* [PROBLEM DETAILS]
The task for the listing below is to write out exactly the lines starting at the one containing "3.이사 등으로 인한 일시적 1세대 2주택 비과세 요건을 완화" and ending at the one containing "Accommodates up to", both included. Pictures are to be omitted.

* [RECORDED DATA]
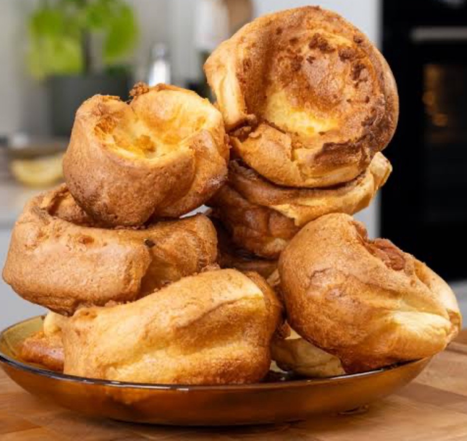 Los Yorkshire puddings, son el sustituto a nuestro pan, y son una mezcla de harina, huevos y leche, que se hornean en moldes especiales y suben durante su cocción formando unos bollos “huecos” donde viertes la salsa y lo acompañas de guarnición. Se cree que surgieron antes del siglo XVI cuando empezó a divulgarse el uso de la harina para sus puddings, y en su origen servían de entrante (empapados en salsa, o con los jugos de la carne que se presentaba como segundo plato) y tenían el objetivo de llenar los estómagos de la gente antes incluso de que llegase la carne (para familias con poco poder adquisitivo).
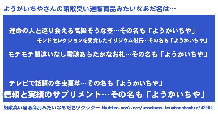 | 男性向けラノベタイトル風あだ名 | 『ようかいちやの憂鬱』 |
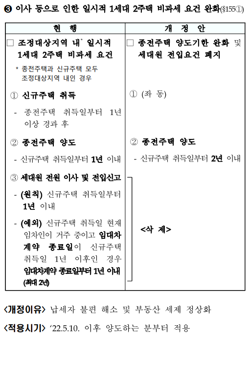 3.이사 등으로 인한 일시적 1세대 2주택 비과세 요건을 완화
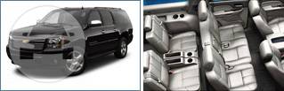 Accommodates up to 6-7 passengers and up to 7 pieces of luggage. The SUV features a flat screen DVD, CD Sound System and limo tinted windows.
---
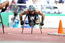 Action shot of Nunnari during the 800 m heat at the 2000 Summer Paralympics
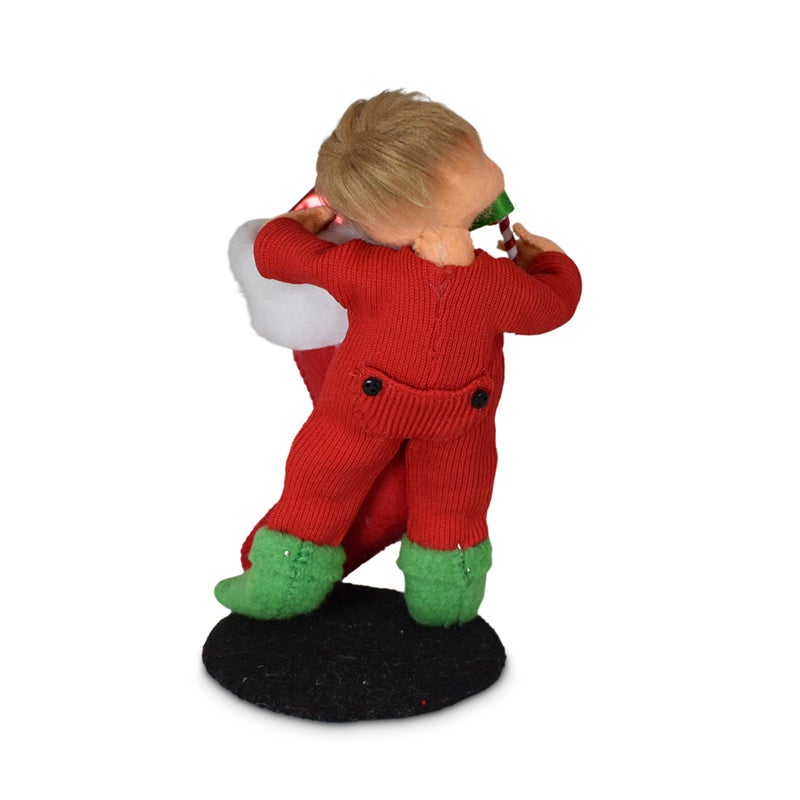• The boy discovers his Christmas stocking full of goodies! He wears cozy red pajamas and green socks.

* [EXERCISE ANSWER]
 3.이사 등으로 인한 일시적 1세대 2주택 비과세 요건을 완화
 Accommodates up to 6-7 passengers and up to 7 pieces of luggage. The SUV features a flat screen DVD, CD Sound System and limo tinted windows.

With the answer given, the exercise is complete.